# 3 from today



## Stormchase (Aug 27, 2010)

I know there are some issues with these but I enjoyed them. Lots of spiders out lately 

Garden Orb spider






Portriat of the white Orb, I messed it up but still kinda like it.





a Mosquito that was sleeping. Let me get in there for a shot.

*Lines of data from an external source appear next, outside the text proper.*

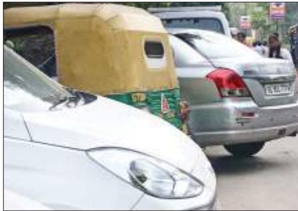
रखी हैं, तो वहीं लोगों ने अपने निजी वाहन खड़ा करके पार्किंग ही बना दी है। अतिक्रमण का शिकार पॉश एरिया: लेकिन यहाँ पर हम बात

चाहें वह दिल्ली की मुख्य सड़क हो या फिर कॉलोनी की छोटी-छोटी गलियाँ ही क्यों न हों, सभी जगह का बुरा हाल है, कहीं पर रेहड़ी-पटरी लगाकर सड़क कब्जा
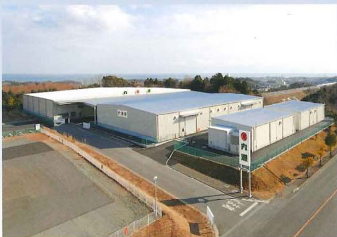
日立北倉庫新設工事(丸運)
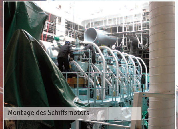
Montage des Schiffsmotors
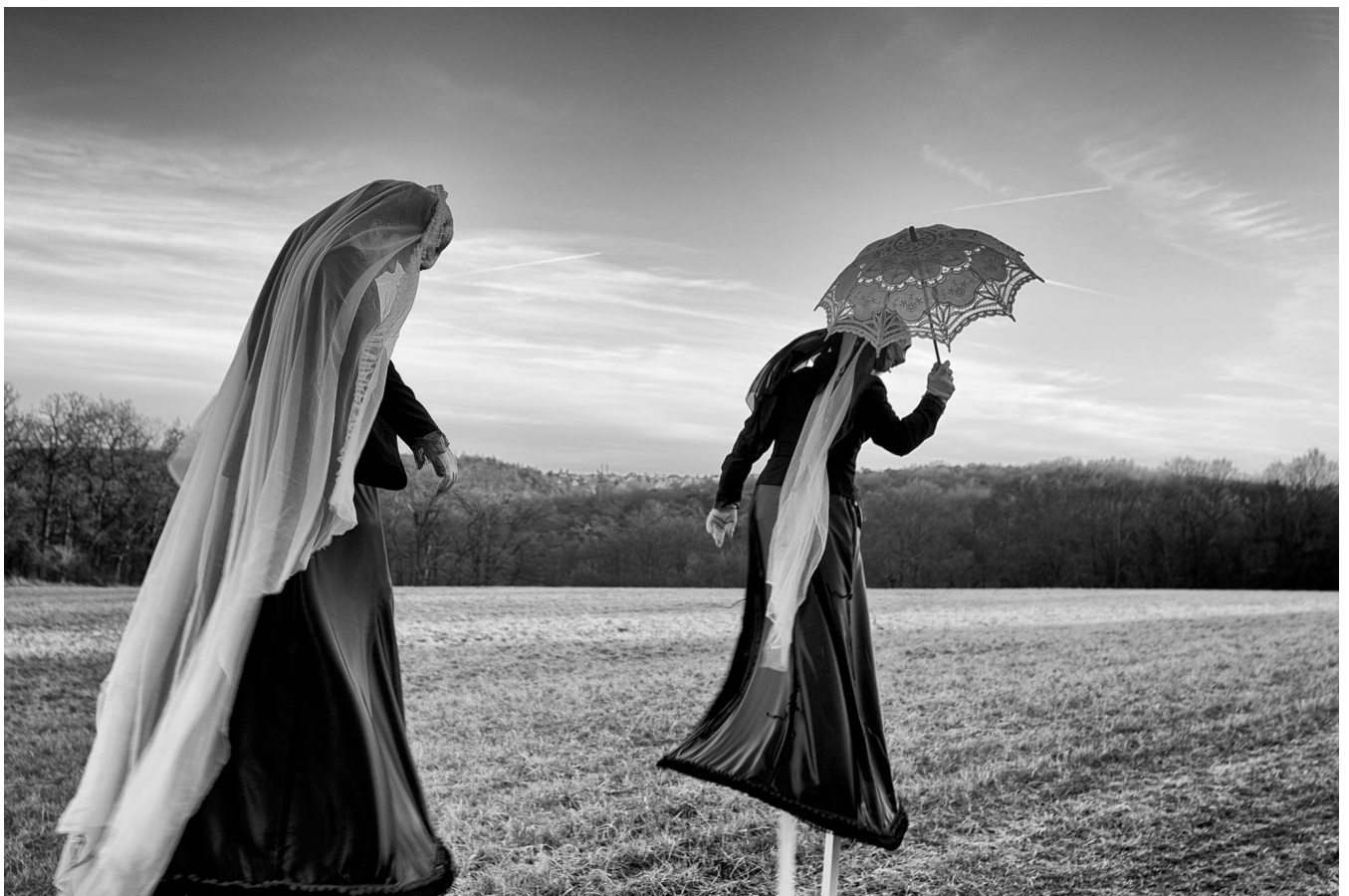
Dvě ze Sedmi Smrtí na poli 2017
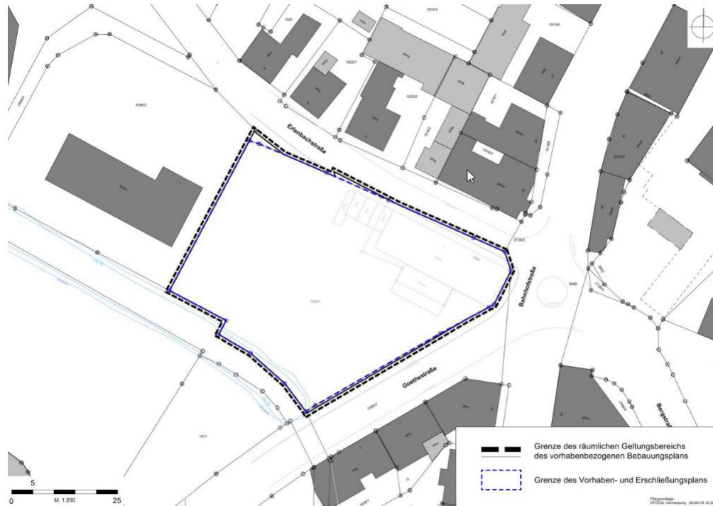
Abbildung 1: Grenze des räumlichen Geltungsbereichs des vorhabenbezogenen Bebauungsplans (schwarz); Grenze des Vorhaben- und Erschließungsplans (blau), ARP Stuttgart, 03.02.2026.

B2, Erlenbachstraße) sowie Teilflächen des Straßen-Grundstücks mit der Flst.-Nr. 1598/3 (B3, Goethestraße) einbezogen. Der Geltungsbereich des vorhabenbezogenen Bebauungsplans weist eine Fläche von ca. 2.825 m 2 auf und ist in der Planzeichnung des vorhabenbezogenen Bebauungsplans vom 03.02.2026 mit einem schwarzen, unterbrochenen Band umgrenzt.

Thanks for viewing! Comments always welcome!


----------



## icassell (Aug 27, 2010)

Cool stuff! Love the eyes on that skeeter!


----------



## Stormchase (Aug 29, 2010)

Thanks! I liked them too. Something different.


----------



## jbmaster (Aug 29, 2010)

What is the skeeter setting on?


----------



## Arkanjel Imaging (Aug 29, 2010)

icassell said:


> Cool stuff! Love the eyes on that skeeter!


 

:thumbup:


----------



## Stormchase (Aug 29, 2010)

jbmaster said:


> What is the skeeter setting on?


 He was just on the side of a wall. I took it potriat style. I guess it was stucco 

AI thanks!


----------



## photographyguy1218 (Feb 16, 2011)

awesome mosquito shot! those eyes are awesome!


----------



## Davor (Feb 17, 2011)

wow! nice compositions, i love the second one, it gives you a feeling that you are in its home staring right down at it. People sure are making nice macros these days, can't wait for the summer o so i can start.


----------



## MartaS (Feb 17, 2011)

love the mosquito one!


----------



## ChrisA (Feb 17, 2011)

Yes like the mossie shot too.


----------